Just a general question about whiskers that has been on my mind for a while now.

I'm sure you've all noticed that your cat's whiskers move/change directions every now and again. My question is, does it mean anything when it's sitting straight across compared to when it sticks out in front or when it's up or down?


----------



## Huge2 (Jan 28, 2008)

Probably just picked up BBC Radio 4....


----------



## yingying (Jul 19, 2011)

When the whiskers point forward, it means the cat is highly interested in something. When my cats are playing with a new toy or ready to "hunt", their whiskers are like that. Whiskers pull backward means an angry/scared cat. A slightly downward position is the sign of relaxation. I've never noticed my cats whiskers point up


----------



## feedmycats (Jan 31, 2012)

Huge said:


> Probably just picked up BBC Radio 4....

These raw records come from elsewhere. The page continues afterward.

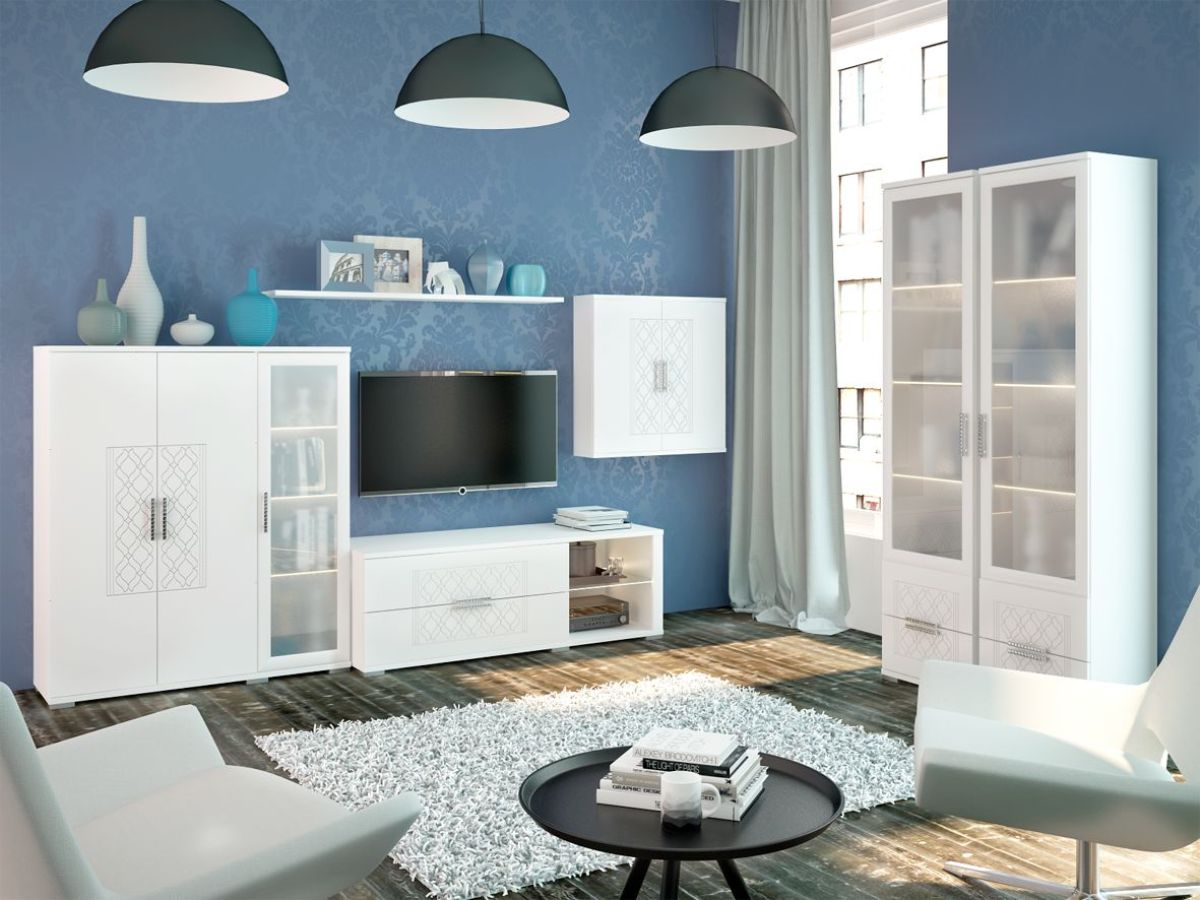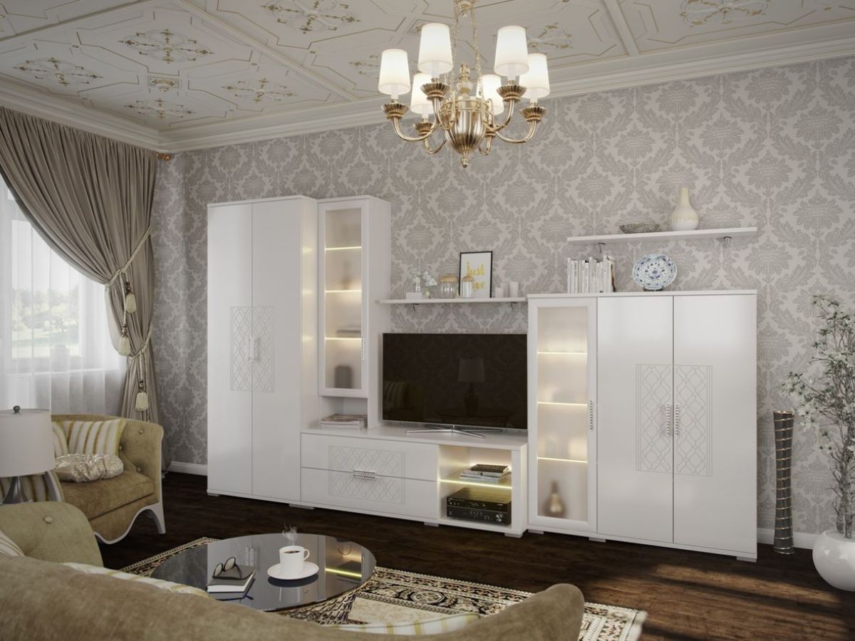 Стенка «Тиффани» - стенка в стиле Классика для любой современной гостиной. Эта стенка легкая, изящная и соответствует самым изысканным вкусам современного потребителя. Стенка с глянцевым фасадом мдф современное, стильное, функциональное решение для гостиной.
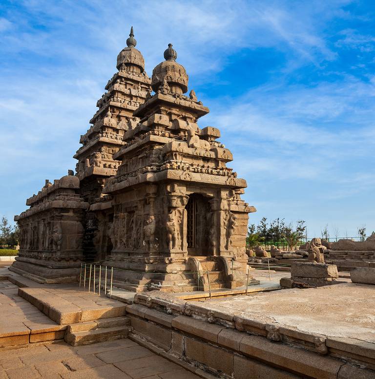 Descubre las joyas culturales de Tamil Nadu sin prisas, con fácil acceso al Templo de la Orilla de Mahabalipuram y al Templo Brihadishwara de Tanjore. Alojamientos confortables cerca de los principales monumentos, con transporte climatizado.
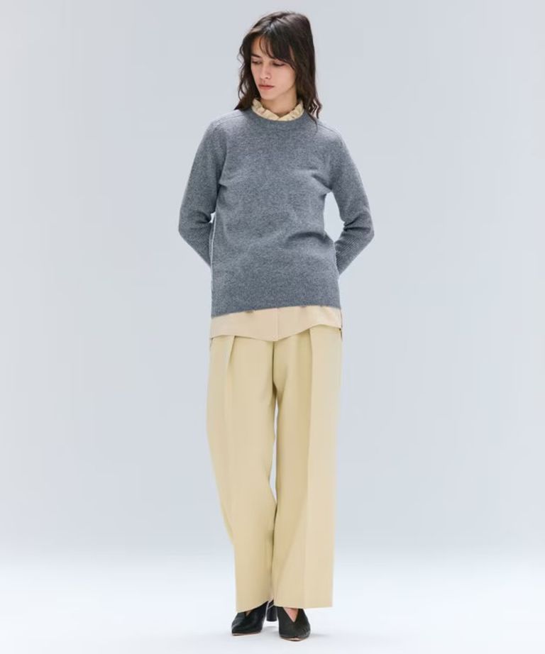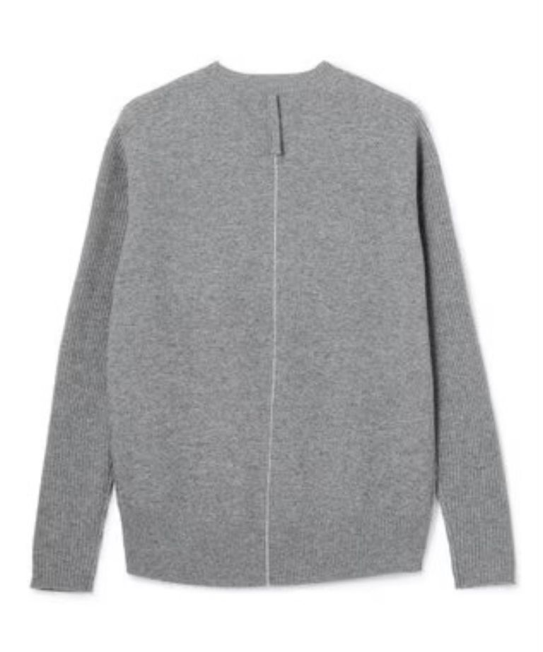 POMPE / ウールカシミヤ配色ラインクルーネックニット ( Charcoal×Off ) ウール / 手洗可 / カシミア混 / KRCWGW0400

And is desperately trying to switch stations! :lol:


----------



## Milky's Mammy (Oct 17, 2011)

yingying said:


> When the whiskers point forward, it means the cat is highly interested in something. When my cats are playing with a new toy or ready to "hunt", their whiskers are like that. Whiskers pull backward means an angry/scared cat. A slightly downward position is the sign of relaxation. I've never noticed my cats whiskers point up


 
Thanks so much for the info! I was always wondering what it meant when they point in different directions. I've seen Milky's whiskers pointing forward a lot recently, but can't really think of anything new we've had for him to play with! Anyway, good to know this! Thanks again! :yellbounce


----------



## asrowley (Dec 17, 2011)

Lol yeah that description was right on the money. One thing as well, they twitch around when they are looking for something. It's like a subconcous radar blip.


----------